**EXERCISE PROMPT**. Take the lines below from the one with "The conference venue" through the one with "New Kitchen facilities" and retype them exactly. Include nothing else, and no pictures.

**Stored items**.
^^^^^^^^
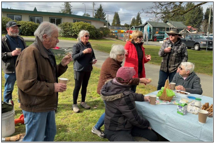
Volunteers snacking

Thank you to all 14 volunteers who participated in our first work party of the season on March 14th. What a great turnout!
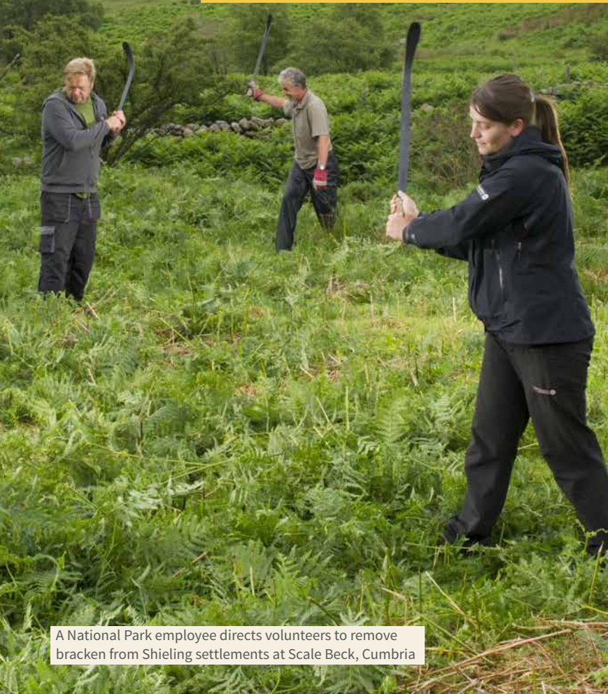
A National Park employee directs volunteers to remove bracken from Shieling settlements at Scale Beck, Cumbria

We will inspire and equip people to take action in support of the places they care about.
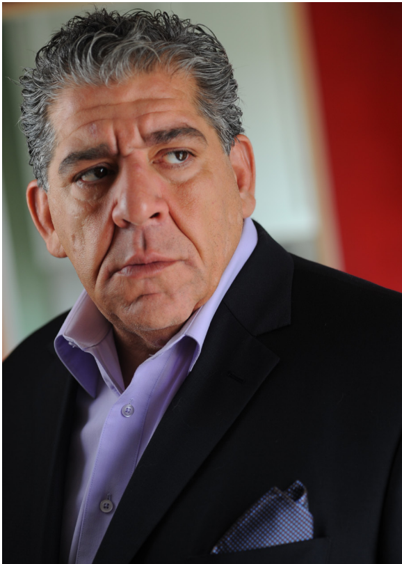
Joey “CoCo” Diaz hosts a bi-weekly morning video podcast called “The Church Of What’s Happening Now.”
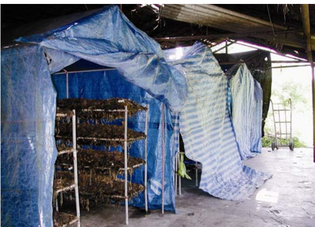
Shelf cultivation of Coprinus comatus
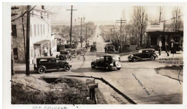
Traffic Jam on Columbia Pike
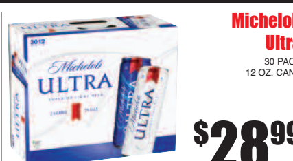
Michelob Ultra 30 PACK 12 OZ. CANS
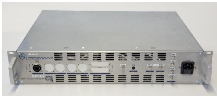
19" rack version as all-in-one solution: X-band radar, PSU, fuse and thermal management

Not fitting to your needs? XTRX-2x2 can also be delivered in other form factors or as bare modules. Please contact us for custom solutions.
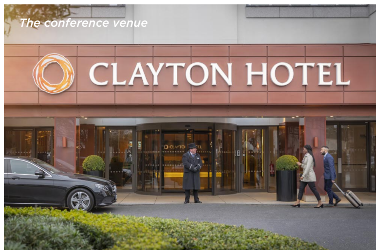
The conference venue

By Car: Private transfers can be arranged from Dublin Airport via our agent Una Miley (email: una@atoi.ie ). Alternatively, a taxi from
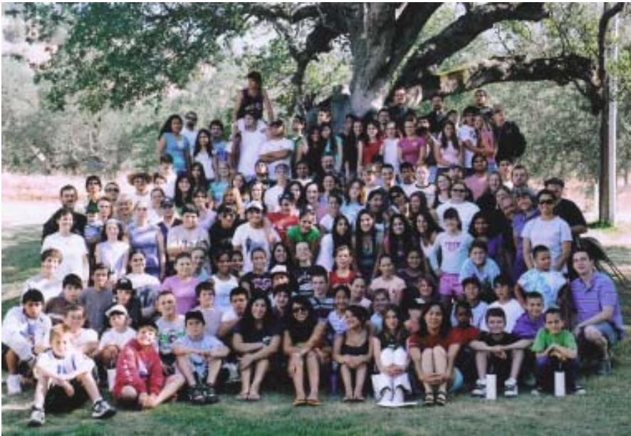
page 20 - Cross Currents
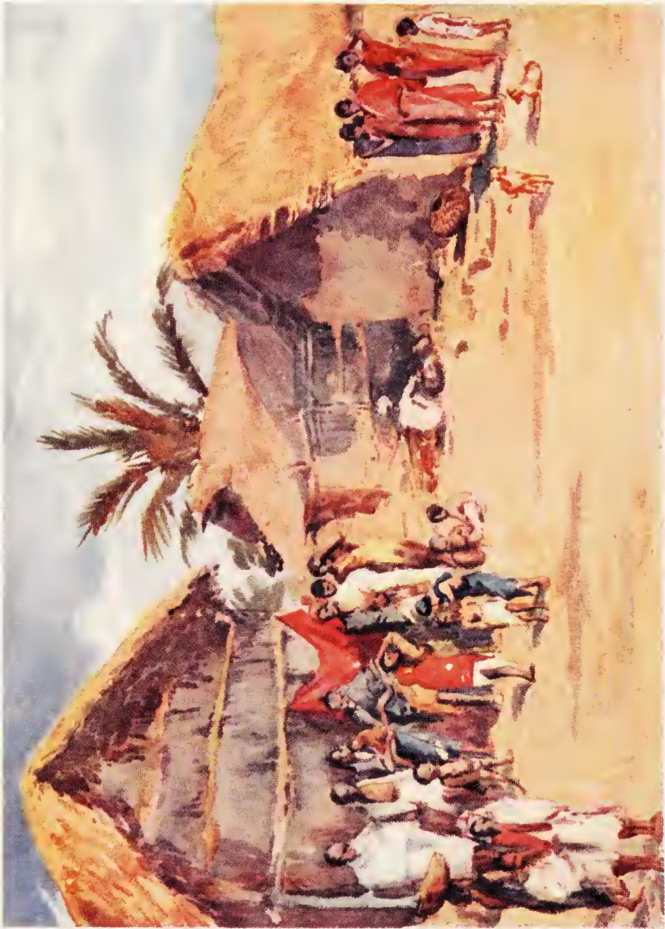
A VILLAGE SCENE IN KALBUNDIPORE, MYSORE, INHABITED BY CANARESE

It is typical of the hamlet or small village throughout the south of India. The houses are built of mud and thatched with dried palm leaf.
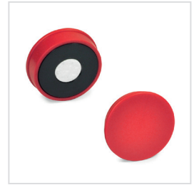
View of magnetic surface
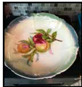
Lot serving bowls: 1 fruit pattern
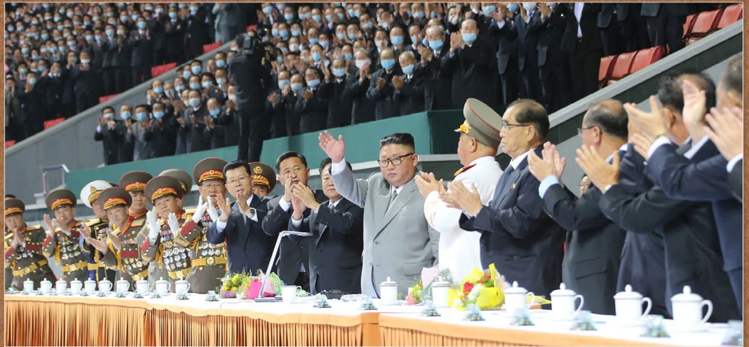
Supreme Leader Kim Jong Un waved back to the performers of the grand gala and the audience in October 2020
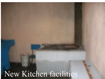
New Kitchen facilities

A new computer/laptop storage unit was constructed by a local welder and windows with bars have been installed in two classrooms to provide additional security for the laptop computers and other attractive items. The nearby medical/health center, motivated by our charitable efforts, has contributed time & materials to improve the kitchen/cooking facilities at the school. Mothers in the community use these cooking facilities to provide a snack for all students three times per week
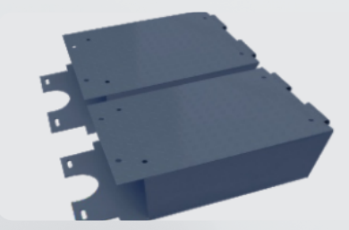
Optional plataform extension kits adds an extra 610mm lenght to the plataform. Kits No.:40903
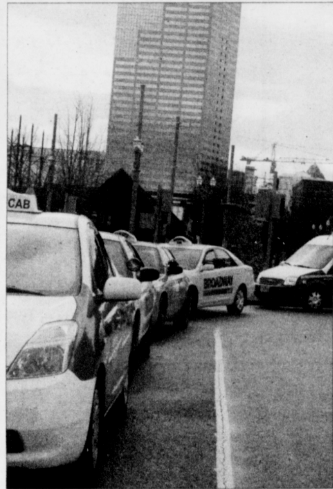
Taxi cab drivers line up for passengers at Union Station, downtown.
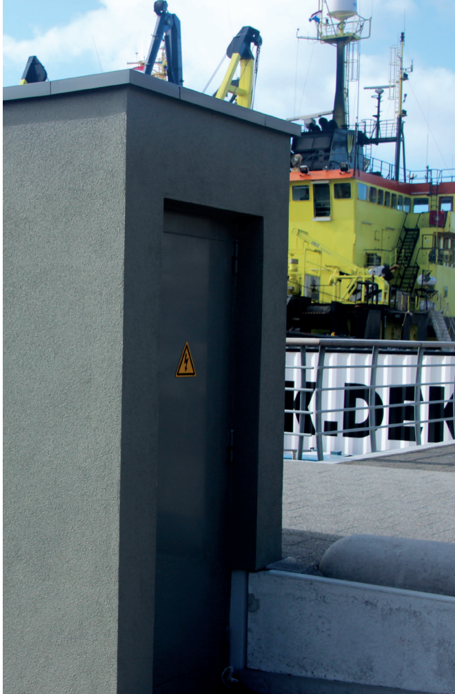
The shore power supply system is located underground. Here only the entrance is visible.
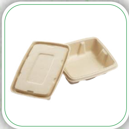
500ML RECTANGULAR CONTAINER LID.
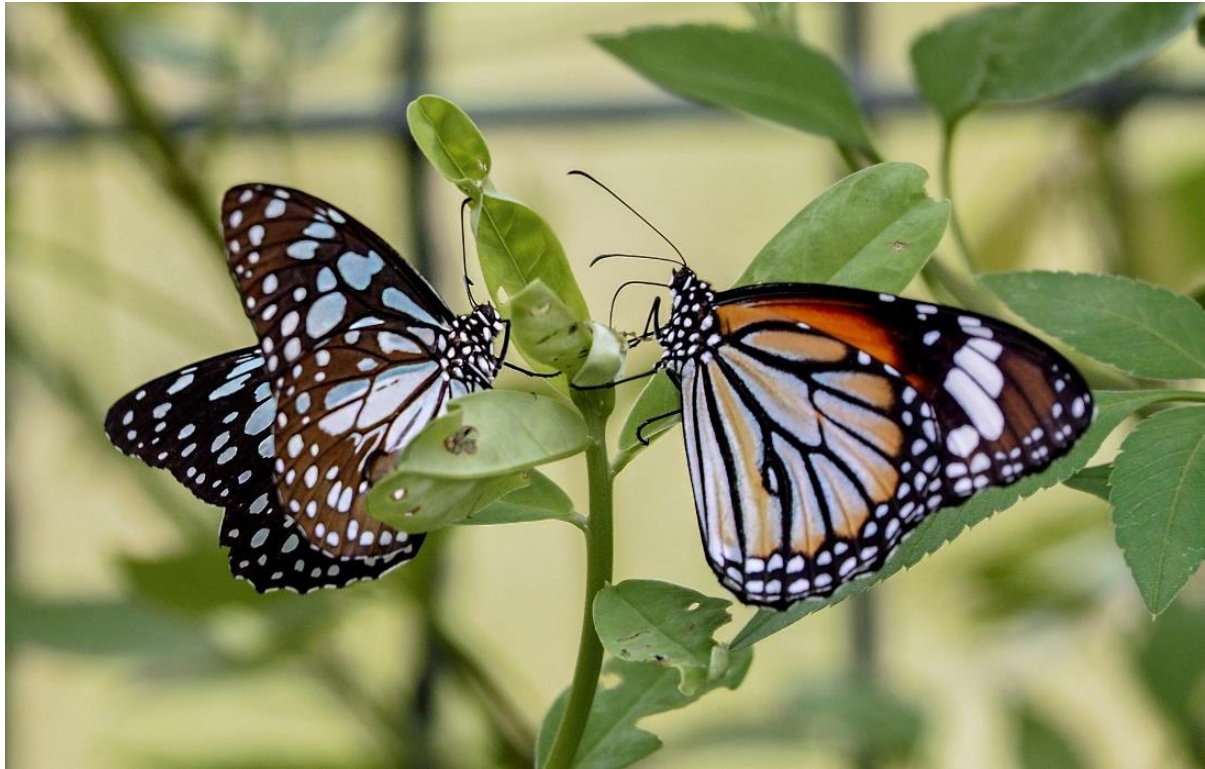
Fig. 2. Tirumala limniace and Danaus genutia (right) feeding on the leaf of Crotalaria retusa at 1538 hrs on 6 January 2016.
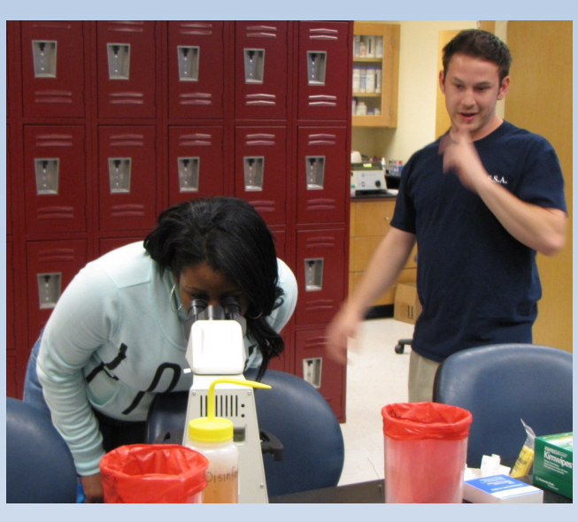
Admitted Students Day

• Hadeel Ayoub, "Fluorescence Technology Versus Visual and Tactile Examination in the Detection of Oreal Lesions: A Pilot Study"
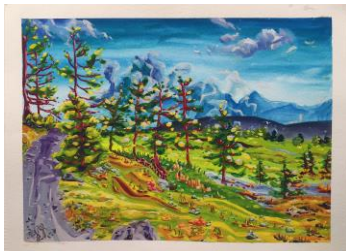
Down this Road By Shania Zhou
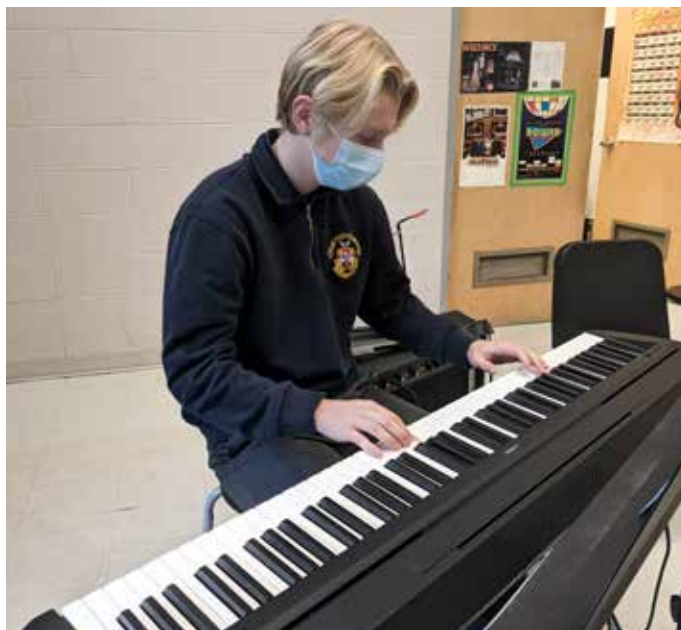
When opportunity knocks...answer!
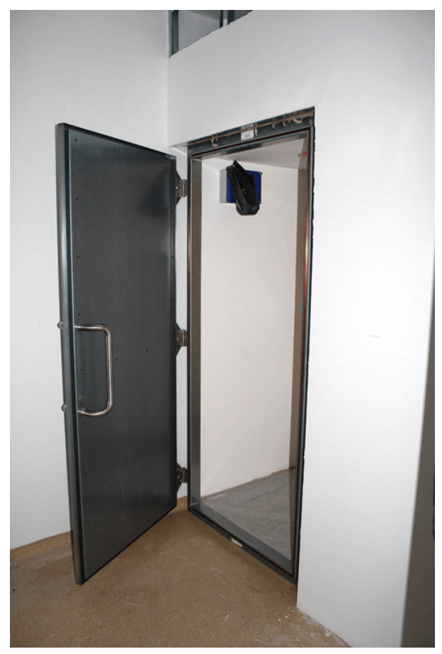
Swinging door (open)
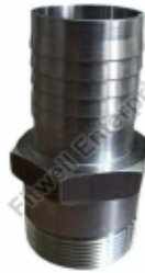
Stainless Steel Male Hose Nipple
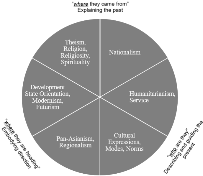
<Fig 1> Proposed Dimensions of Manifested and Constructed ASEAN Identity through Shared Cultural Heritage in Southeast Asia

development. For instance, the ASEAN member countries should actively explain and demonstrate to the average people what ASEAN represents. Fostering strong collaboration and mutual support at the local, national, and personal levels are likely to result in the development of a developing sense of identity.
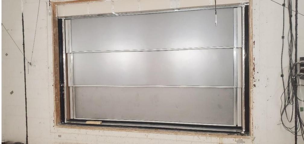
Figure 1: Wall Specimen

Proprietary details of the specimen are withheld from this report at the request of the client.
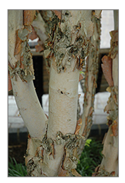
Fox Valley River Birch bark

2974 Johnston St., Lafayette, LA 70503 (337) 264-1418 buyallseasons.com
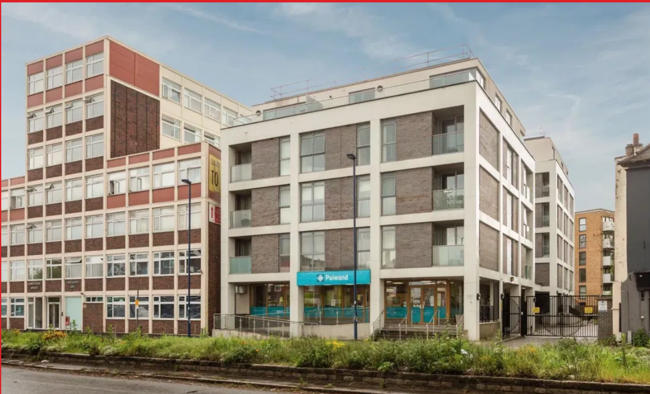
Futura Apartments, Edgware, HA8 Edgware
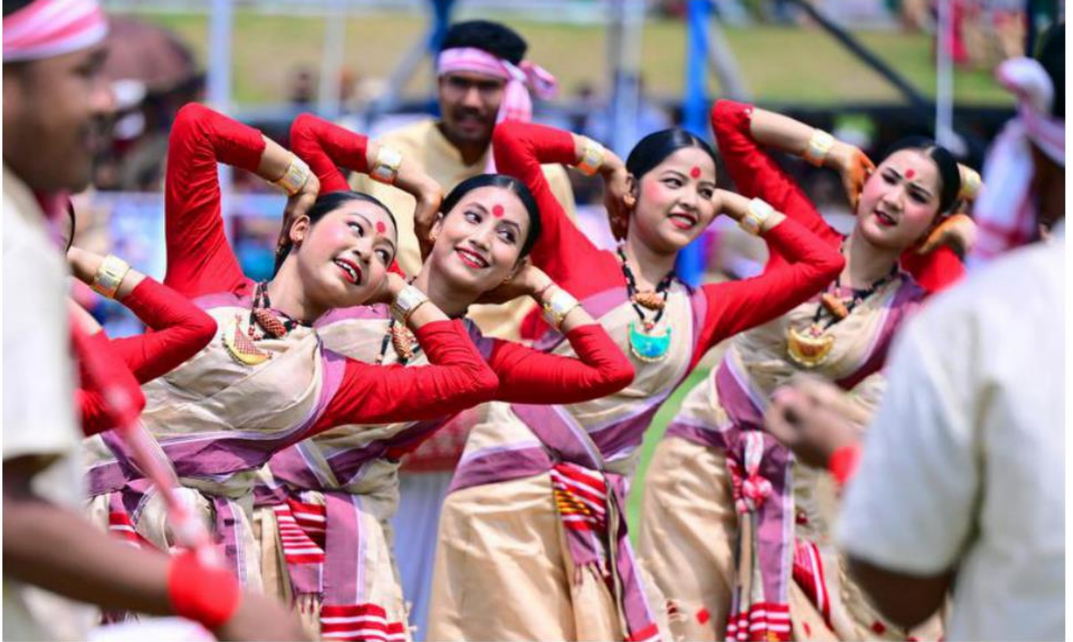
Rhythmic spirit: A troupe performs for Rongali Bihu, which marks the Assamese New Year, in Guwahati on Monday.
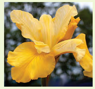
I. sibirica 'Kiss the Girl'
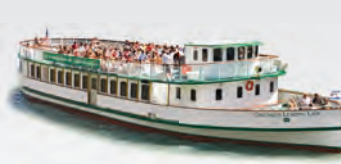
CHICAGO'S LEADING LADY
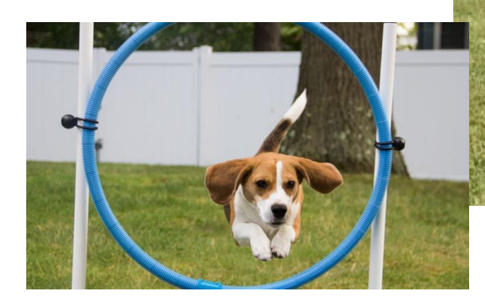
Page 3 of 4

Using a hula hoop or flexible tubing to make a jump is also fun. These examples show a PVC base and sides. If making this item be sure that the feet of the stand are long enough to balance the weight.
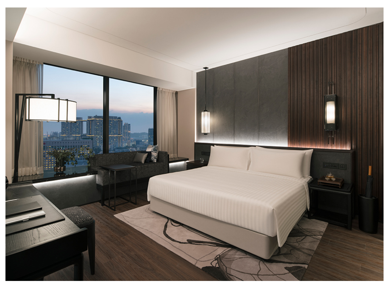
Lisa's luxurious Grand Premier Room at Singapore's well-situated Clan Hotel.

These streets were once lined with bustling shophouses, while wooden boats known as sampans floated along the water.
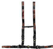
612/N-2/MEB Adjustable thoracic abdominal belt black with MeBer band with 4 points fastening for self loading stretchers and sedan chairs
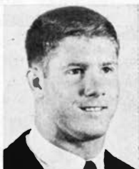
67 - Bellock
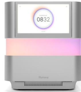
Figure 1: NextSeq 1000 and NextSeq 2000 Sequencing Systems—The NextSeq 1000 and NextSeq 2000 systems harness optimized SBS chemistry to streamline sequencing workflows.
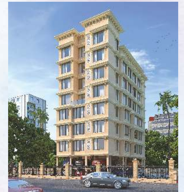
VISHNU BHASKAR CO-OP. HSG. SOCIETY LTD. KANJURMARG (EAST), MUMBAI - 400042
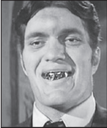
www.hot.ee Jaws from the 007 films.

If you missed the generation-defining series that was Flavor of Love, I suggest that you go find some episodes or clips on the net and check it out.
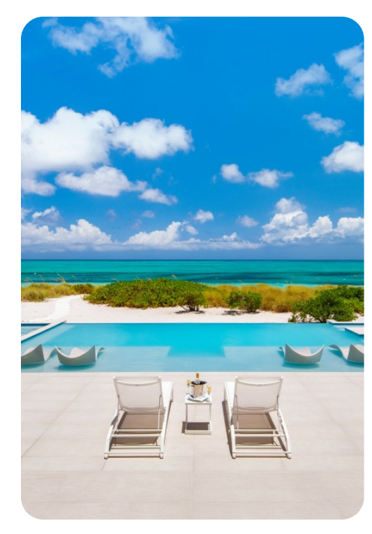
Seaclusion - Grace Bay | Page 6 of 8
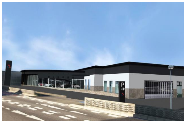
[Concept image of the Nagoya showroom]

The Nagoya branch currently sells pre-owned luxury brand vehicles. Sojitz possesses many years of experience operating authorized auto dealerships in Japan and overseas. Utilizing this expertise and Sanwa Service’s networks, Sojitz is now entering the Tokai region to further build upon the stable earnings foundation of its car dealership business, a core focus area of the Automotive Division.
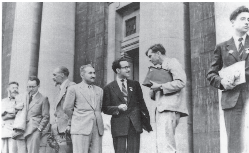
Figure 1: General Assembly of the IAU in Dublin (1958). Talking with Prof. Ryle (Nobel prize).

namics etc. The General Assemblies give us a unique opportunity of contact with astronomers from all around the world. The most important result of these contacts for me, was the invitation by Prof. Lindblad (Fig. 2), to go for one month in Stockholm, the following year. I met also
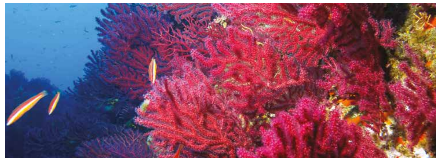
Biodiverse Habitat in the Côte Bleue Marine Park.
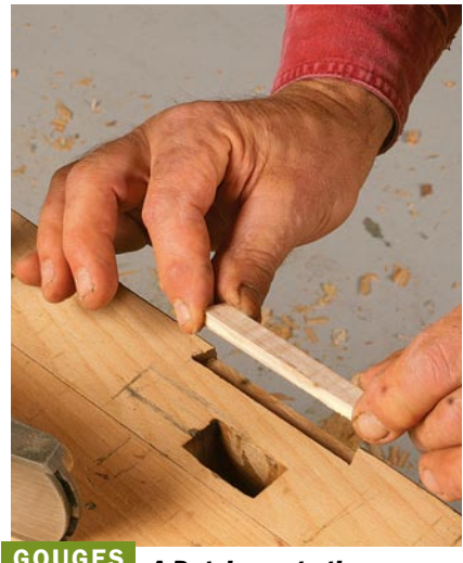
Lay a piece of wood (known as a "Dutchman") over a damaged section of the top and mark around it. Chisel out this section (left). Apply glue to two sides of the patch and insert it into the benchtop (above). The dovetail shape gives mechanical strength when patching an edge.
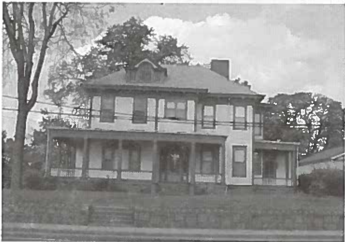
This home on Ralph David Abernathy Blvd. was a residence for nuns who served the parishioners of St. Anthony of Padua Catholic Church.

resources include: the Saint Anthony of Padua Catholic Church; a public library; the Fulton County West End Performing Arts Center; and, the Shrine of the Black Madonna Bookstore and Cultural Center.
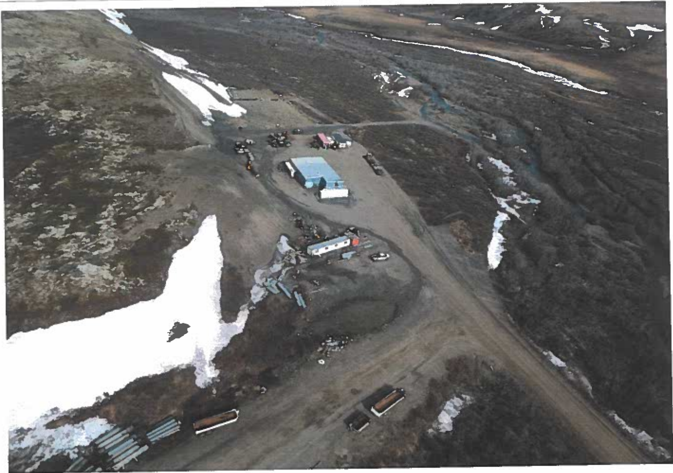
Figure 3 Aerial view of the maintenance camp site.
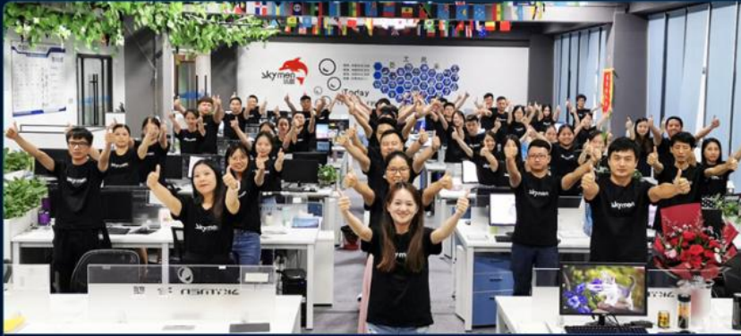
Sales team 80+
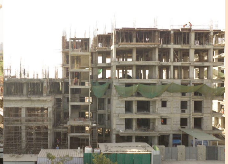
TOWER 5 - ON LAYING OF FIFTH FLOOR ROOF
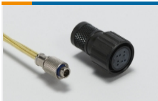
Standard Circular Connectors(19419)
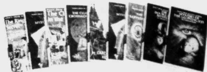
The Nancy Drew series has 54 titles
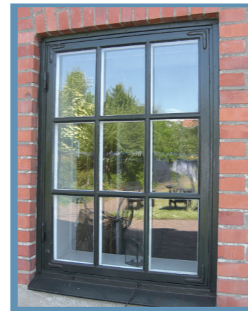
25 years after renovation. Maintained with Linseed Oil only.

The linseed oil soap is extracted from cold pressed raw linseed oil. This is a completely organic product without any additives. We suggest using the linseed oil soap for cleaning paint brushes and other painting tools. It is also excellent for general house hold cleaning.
^^^^^^^^
**RESULT FOR THIS TASK**.
The conference venue

By Car: Private transfers can be arranged from Dublin Airport via our agent Una Miley (email: una@atoi.ie ). Alternatively, a taxi from
page 20 - Cross Currents
A VILLAGE SCENE IN KALBUNDIPORE, MYSORE, INHABITED BY CANARESE

It is typical of the hamlet or small village throughout the south of India. The houses are built of mud and thatched with dried palm leaf.
View of magnetic surface
Lot serving bowls: 1 fruit pattern
Supreme Leader Kim Jong Un waved back to the performers of the grand gala and the audience in October 2020
New Kitchen facilities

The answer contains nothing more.